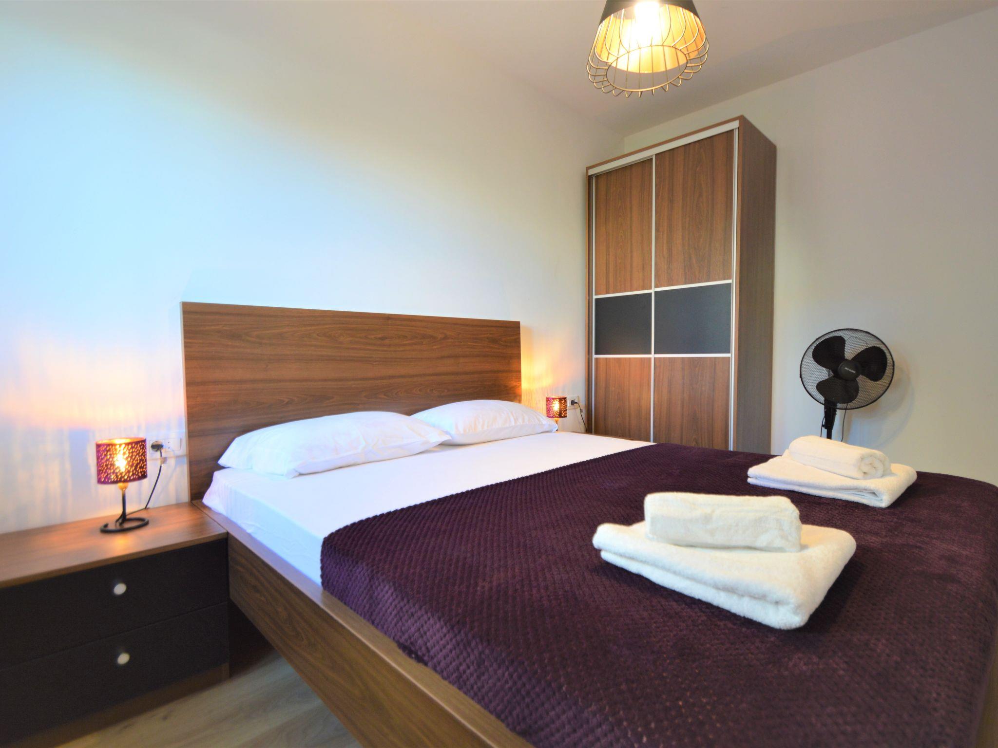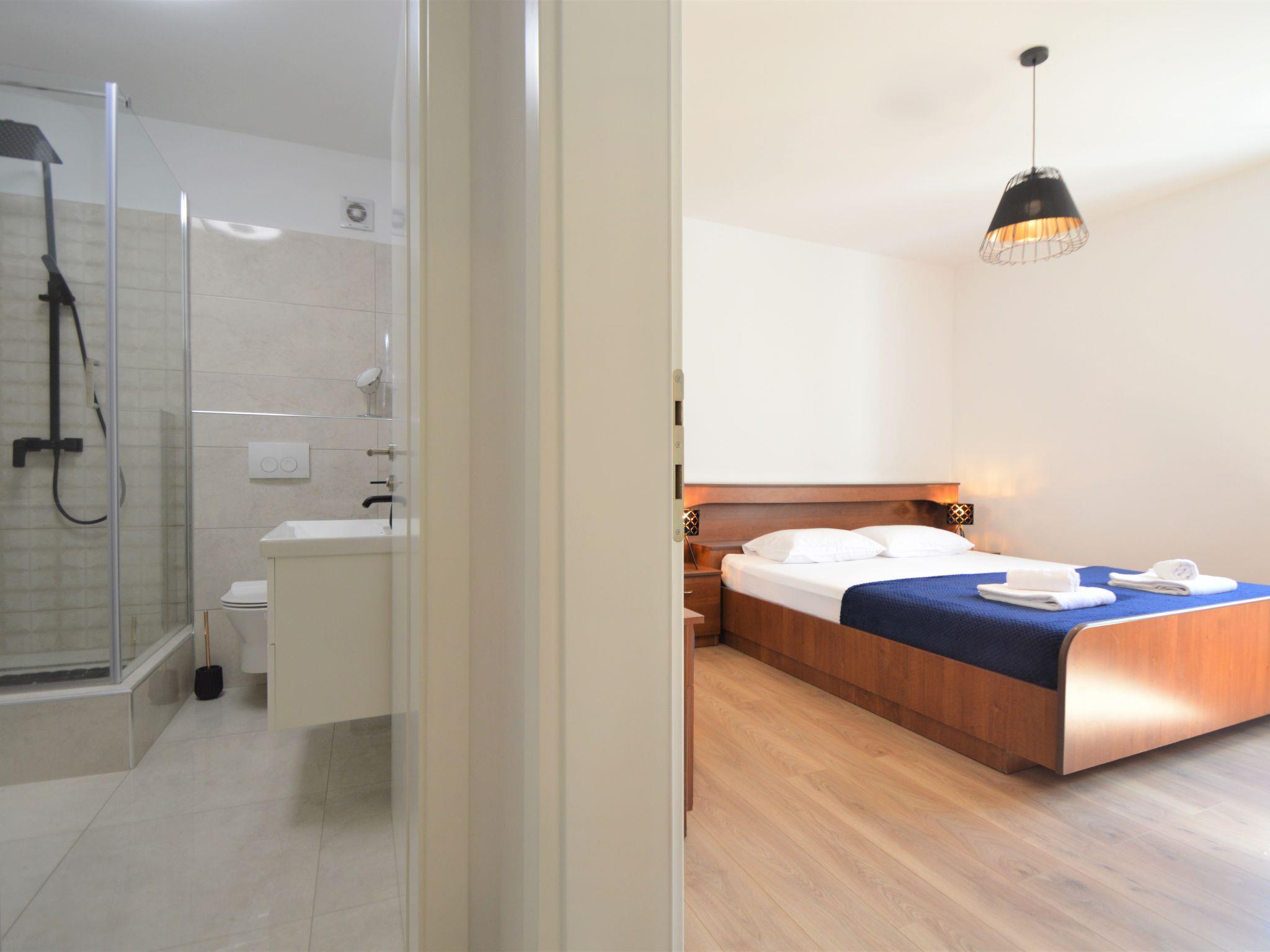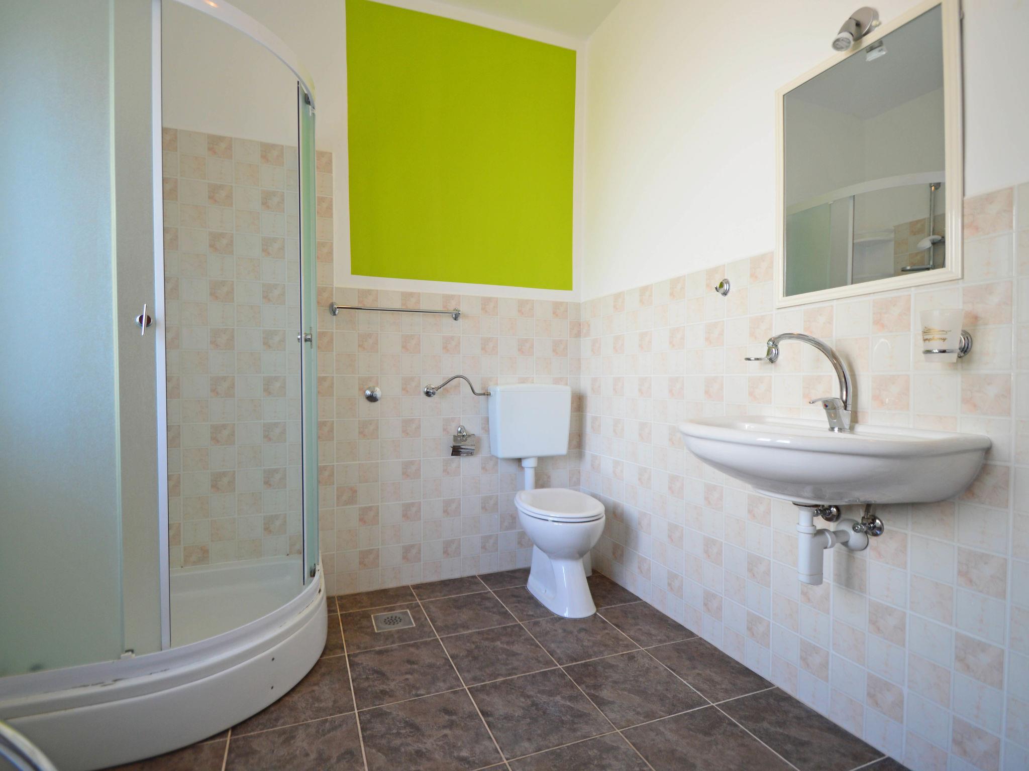 8-room apartment 185 m2 on 2 levels, south facing position. Beautiful and cosy furnishings: living/dining room 40 m2 with satellite TV (flat screen), air conditioning. Exit to the terrace. 1 room with 1 double bed (2 x 90 cm, length 200 cm), shower/WC. 1 room with 1 double bed (2 x 90 cm, length 200 cm). Open kitchen (2 hot plates, oven, 2 ceramic glass hob hotplates, Gas stove, microwave, freezer, electric coffee machine). Shower/WC. Upper floor: (exterior staircase) living/dining room with 1 sofabed (80 cm, length 200 cm), kitchen corner and satellite TV (flat screen), air conditioning. Exit to the balcony. 1 room with 1 french bed (180 cm, length 200 cm). Living/dining room with 1 sofabed (80 cm, length 200 cm), kitchen corner and satellite TV (flat screen), air conditioning. Exit to the balcony. 1 room with 1 french bed (180 cm, length 200 cm). Exit to the balcony. 1 room with 1 french bed (180 cm, length 200 cm), shower/WC. Exit to the balcony. 2 showers/WC. No heating option. 3 balconies 6 m2, terrace 40 m2 partly roofed. Terrace furniture, deck chairs. View of the swimming pool. Facilities: washing machine, children's high chair, baby cot, hair dryer. Internet (WiFi, free). Please note: one double bedroom is outside the apartment. The apartment consists of 3 apartments rented as one unit. Apartment on the ground floor (separate entrance): living/dining area, open kitchen, 2 bedrooms. On the first floor (separate entrance, exterior staircase): 2 apartments, each apartment with living/dining area, kitchen corner and bedroom. On the first floor also available 1 bedroom with separate entrance.
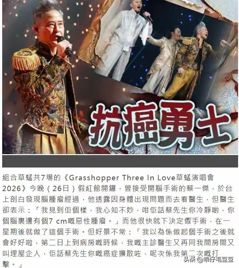 草蜢组合蔡一杰癌症复发,开演唱会多名圈中好友捧场,陈奕迅更是充当开场嘉宾!
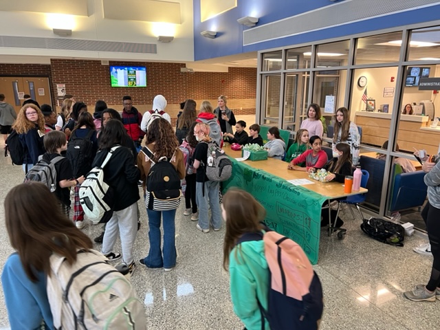 By Becky Stone The Crabapple Middle School Interact Club wanted to have a candy sale to benefit charity. Led by President Elle Rocco, students discussed options and made decisions on what candy to order, quantities, and dates for the sale. They voted to call it "Luck Sale" and hold it the week of St. Patrick's Day - with profits split between Children’s Hospital and the Atlanta Humane Society. [more] |
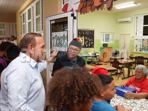 ORANJESTAD: Diabierna ultimo, Minister di Enseñansa y Deporte Endy Croes a bishita scol basico St. Paulus School na San Nicolas, unda cu nan tabata celebrado…
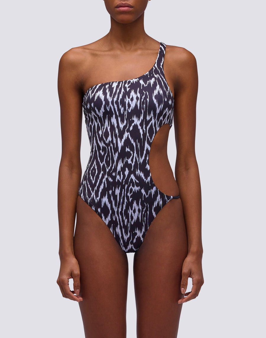 One-shoulder swimsuit with side opening and Abstract Wind print.
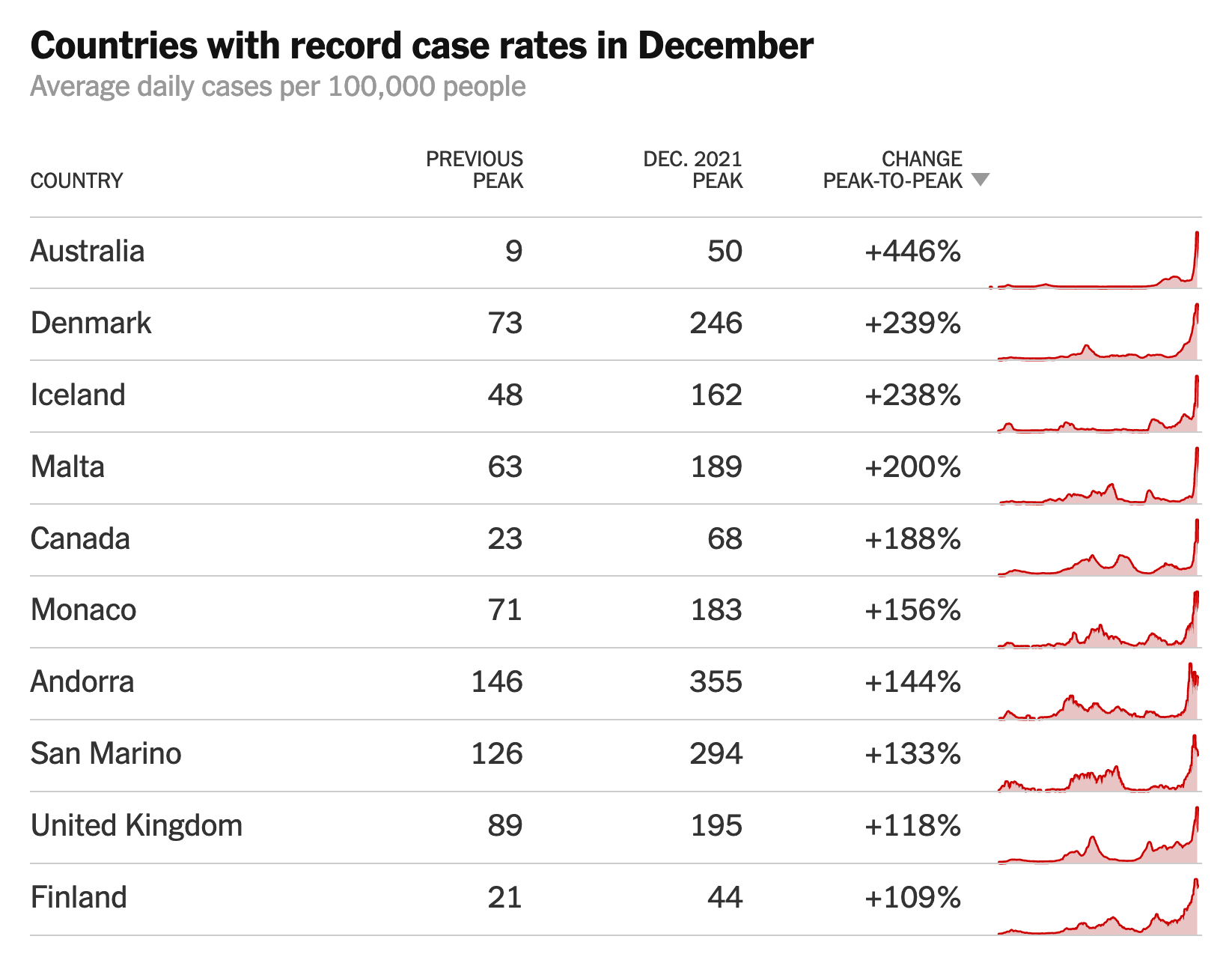 That was no joke. By the end of December, Denmark had the highest recorded incidence of the virus in the world, with 1,612 cases per 100,000 people and deaths on the uptick.
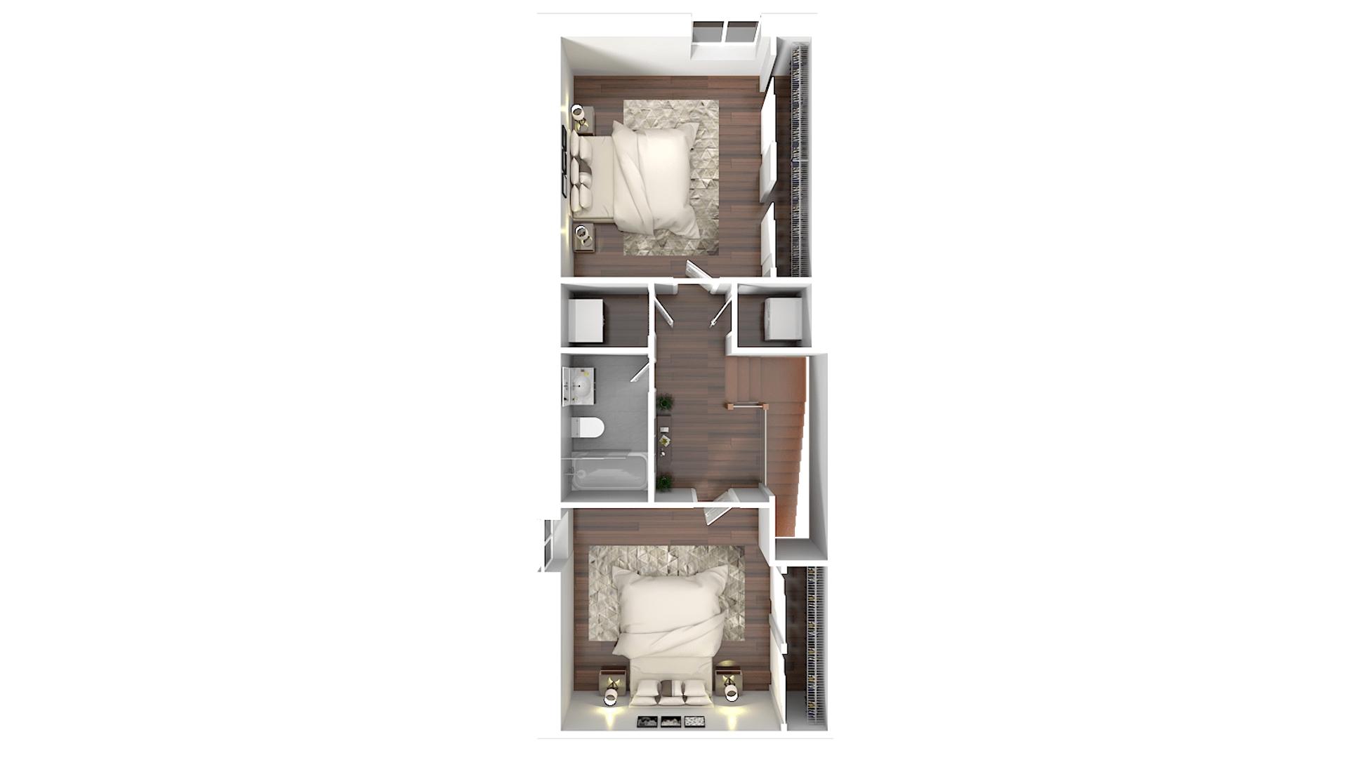 Spacious 2-floor apartment with 2 beds, 1.5 bath. Large kitchen space with breakfast counter, lots of natural light and private patio!
┄┄┄┄┄┄
EXERCISE BRIEF =>
Could you please return the entries above exactly, minus the pictures?

EXERCISE RESULT =>
 8-room apartment 185 m2 on 2 levels, south facing position. Beautiful and cosy furnishings: living/dining room 40 m2 with satellite TV (flat screen), air conditioning. Exit to the terrace. 1 room with 1 double bed (2 x 90 cm, length 200 cm), shower/WC. 1 room with 1 double bed (2 x 90 cm, length 200 cm). Open kitchen (2 hot plates, oven, 2 ceramic glass hob hotplates, Gas stove, microwave, freezer, electric coffee machine). Shower/WC. Upper floor: (exterior staircase) living/dining room with 1 sofabed (80 cm, length 200 cm), kitchen corner and satellite TV (flat screen), air conditioning. Exit to the balcony. 1 room with 1 french bed (180 cm, length 200 cm). Living/dining room with 1 sofabed (80 cm, length 200 cm), kitchen corner and satellite TV (flat screen), air conditioning. Exit to the balcony. 1 room with 1 french bed (180 cm, length 200 cm). Exit to the balcony. 1 room with 1 french bed (180 cm, length 200 cm), shower/WC. Exit to the balcony. 2 showers/WC. No heating option. 3 balconies 6 m2, terrace 40 m2 partly roofed. Terrace furniture, deck chairs. View of the swimming pool. Facilities: washing machine, children's high chair, baby cot, hair dryer. Internet (WiFi, free). Please note: one double bedroom is outside the apartment. The apartment consists of 3 apartments rented as one unit. Apartment on the ground floor (separate entrance): living/dining area, open kitchen, 2 bedrooms. On the first floor (separate entrance, exterior staircase): 2 apartments, each apartment with living/dining area, kitchen corner and bedroom. On the first floor also available 1 bedroom with separate entrance.
 草蜢组合蔡一杰癌症复发,开演唱会多名圈中好友捧场,陈奕迅更是充当开场嘉宾!
 By Becky Stone The Crabapple Middle School Interact Club wanted to have a candy sale to benefit charity. Led by President Elle Rocco, students discussed options and made decisions on what candy to order, quantities, and dates for the sale. They voted to call it "Luck Sale" and hold it the week of St. Patrick's Day - with profits split between Children’s Hospital and the Atlanta Humane Society. [more] |
 ORANJESTAD: Diabierna ultimo, Minister di Enseñansa y Deporte Endy Croes a bishita scol basico St. Paulus School na San Nicolas, unda cu nan tabata celebrado…
 One-shoulder swimsuit with side opening and Abstract Wind print.
 That was no joke. By the end of December, Denmark had the highest recorded incidence of the virus in the world, with 1,612 cases per 100,000 people and deaths on the uptick.
 Spacious 2-floor apartment with 2 beds, 1.5 bath. Large kitchen space with breakfast counter, lots of natural light and private patio!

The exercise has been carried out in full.